** Opening Provided data block **

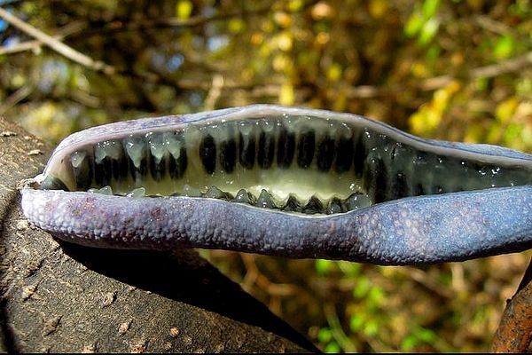这是来自中国南方的猫屎瓜,成熟猫屎瓜大小类似手指,颜色却是暗黑系的蓝紫色,因此还有“死人手指”这个吓人的名字。轻轻掰开猫屎瓜的外壳,目击那条腐烂感强烈的半透明灰白果肉,这玩意简直像僵尸的两排牙齿。但这家伙...吃过的人都说很好吃,是不容错过的那种清甜诶!
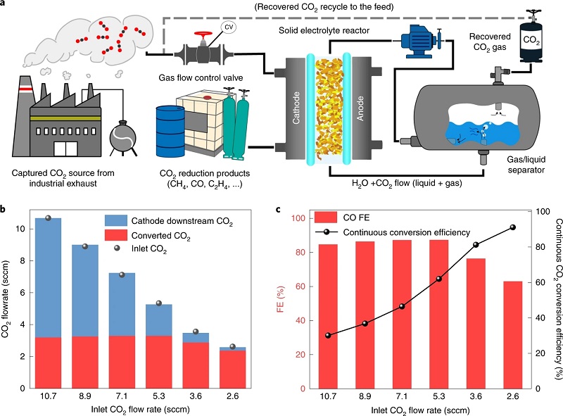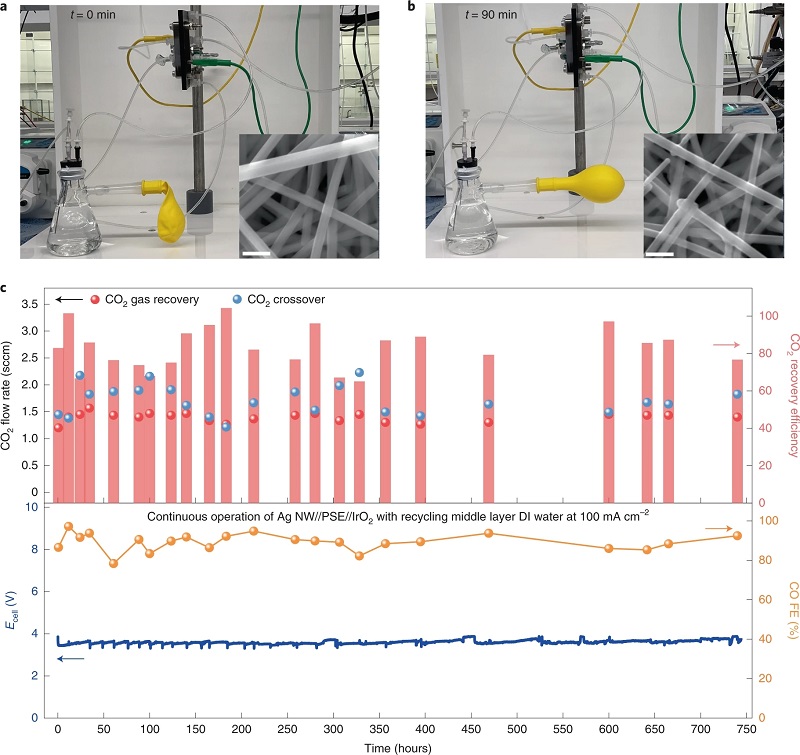 (c)CO FE和Ag NW在具有CO2回收系统的固体电解质中的连续转化。
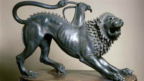 Presente anche “La Chimera”, giunta da Firenze dove è conservata. Trattasi di un bronzo etrusco che rappresenta un corpo con testa di leone, coda di serpente e una testa di capra sul collo. Fu ritrovato con gli scavi ad Arezzo, nel 1553, e proprio il Vasari ne riconobbe l’alto valore artistico suggerendone la ristrutturazione.
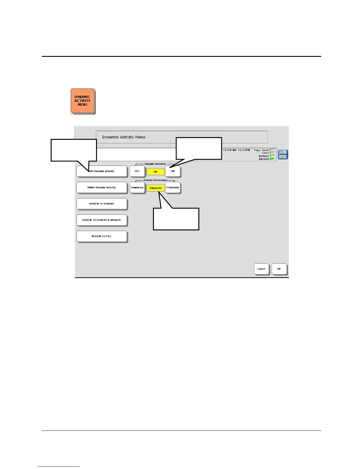 Open the DYNAMIC ACTIVITY MENU in the Toolbox.
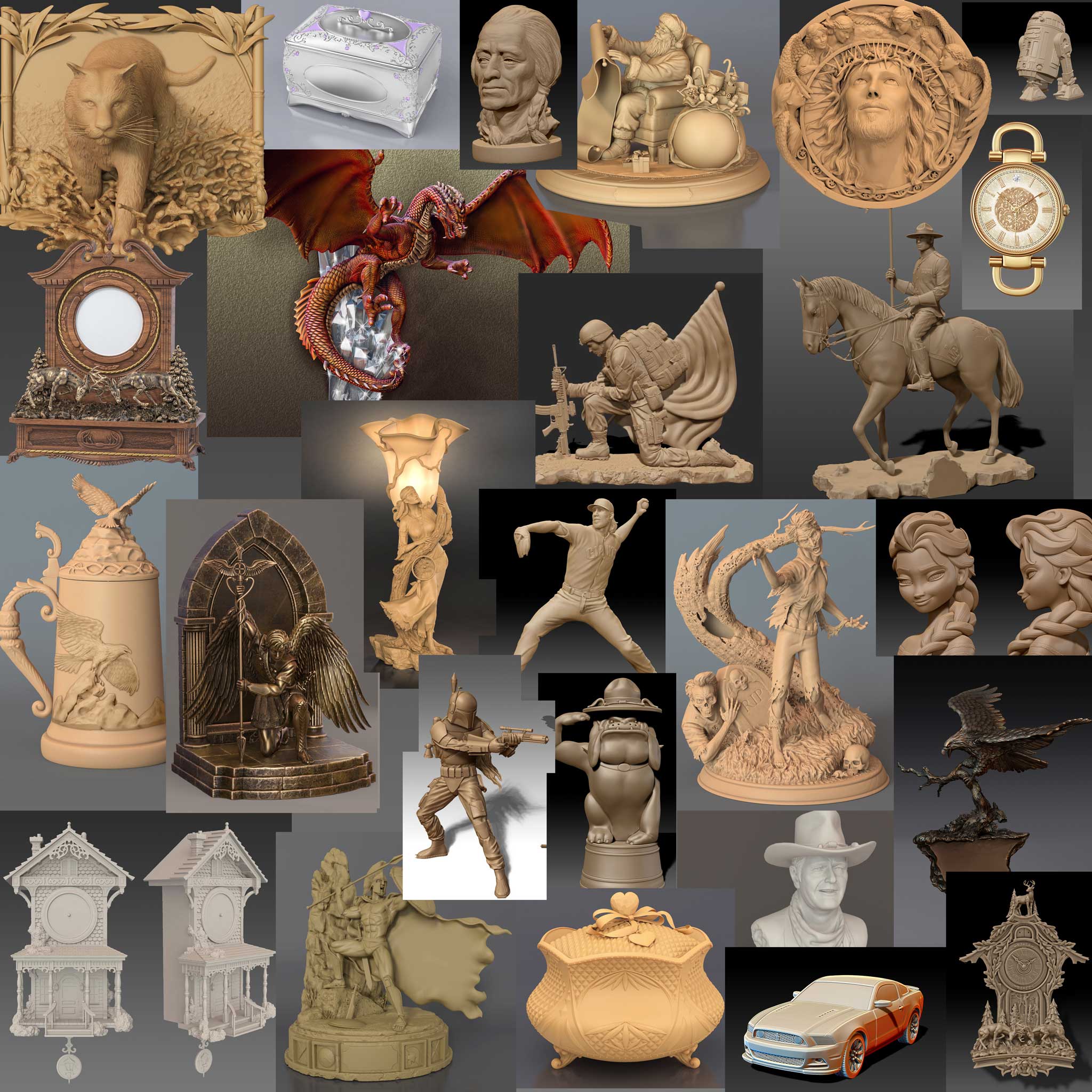 Strong sculpting in varied subject matter, both in soft and hard surface modeling.

** Closing Provided data block **

• Assigned task
Leaving the pictures out, copy exactly the lines from the line that contains "(c)CO FE和Ag NW在具有CO2回收系统的固体电解质中的连续转化。" to the last line of the data, both ends included.

• Result of the exercise
 (c)CO FE和Ag NW在具有CO2回收系统的固体电解质中的连续转化。
 Presente anche “La Chimera”, giunta da Firenze dove è conservata. Trattasi di un bronzo etrusco che rappresenta un corpo con testa di leone, coda di serpente e una testa di capra sul collo. Fu ritrovato con gli scavi ad Arezzo, nel 1553, e proprio il Vasari ne riconobbe l’alto valore artistico suggerendone la ristrutturazione.
 Open the DYNAMIC ACTIVITY MENU in the Toolbox.
 Strong sculpting in varied subject matter, both in soft and hard surface modeling.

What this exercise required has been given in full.